The rules for the genetic nomenclature of Drosophila melanogaster have evolved over the last 85 years or so. This document is a statement of these rules, as adopted by FlyBase. These rules are based on those published in Lindsley and Zimm (1992), The genome of Drosophila melanogaster (Academic Press).

This document is a guide to the nomenclature of Drosophila melanogaster. Although much of the existing nomenclature conforms to these rules, some does not. Past practice, and the continued existence of names and conventions that clearly flout these rules (even in FlyBase), is not an excuse for bad future practice. Now that the Drosophila database is kept in electronic form, a consistent and non-redundant nomenclature is of special importance. The nomenclature now used by FlyBase will evolve towards these standards. For internal reasons FlyBase sometimes differs from or extends current nomenclatural standards. These differences or extensions are explained in this document.

Advice on nomenclature can be obtained from FlyBase:

FlyBase, Biological Laboratories,
Harvard University, 16 Divinity Avenue, Cambridge, MA 02138, USA.

or via the contact FlyBase form.

In particular, the FlyBase consortium welcomes the opportunity to give advice on the naming of genes, alleles, aberrations and transgene constructs.
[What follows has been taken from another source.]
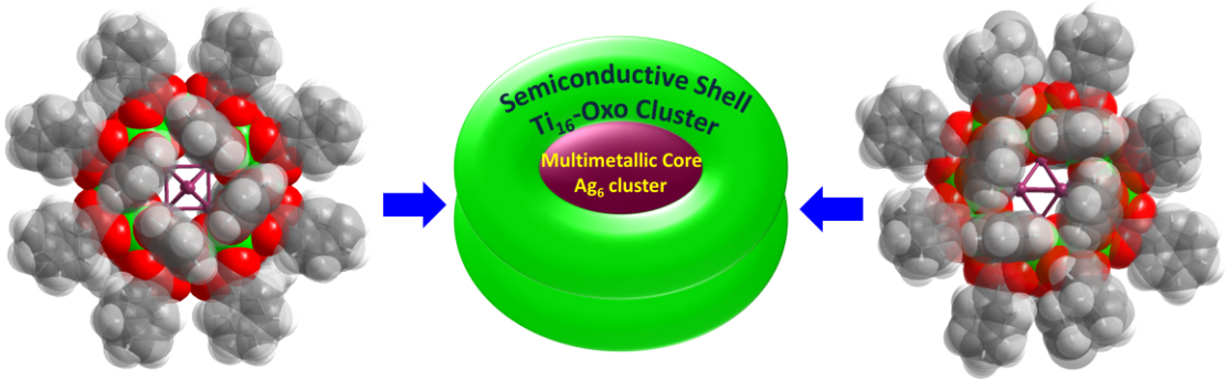 金属及半导体纳米粒子由于具有独特的光、电、磁或催化性能,受到化学、材料领域的广泛关注。近年来,为了更好地理解这些材料的作用机制和构效关系规律,作为其分子模型的贵金属团簇和半导体团簇吸引了越来越多的研究兴趣。另一方面,二氧化钛负载贵金属催化剂在实验室和工业生产中已经得到广泛应用,所以如果能将贵金属团簇与钛氧簇进行复合,不仅可以得到新颖的杂化团簇,更可以为上述异相催化材料提供分子模型,从原子尺度直接理解重要的金属-载体相互作用。

We will undertake checks for users, so as to avoid conflicts of names and symbols.

1. Gene names and symbols

1.1. Names. Gene names must be concise. They should allude to the gene's function, mutant phenotype or other relevant characteristic. The name must be unique and not have been used previously for a Drosophila gene (see paragraph 9). The name should be inoffensive.

A gene can have only one valid FlyBase name and symbol. All other published symbols for a gene are recorded in FlyBase as synonyms (see section 9. Valid Symbols & Synonyms below for an explanation of how valid symbols are determined).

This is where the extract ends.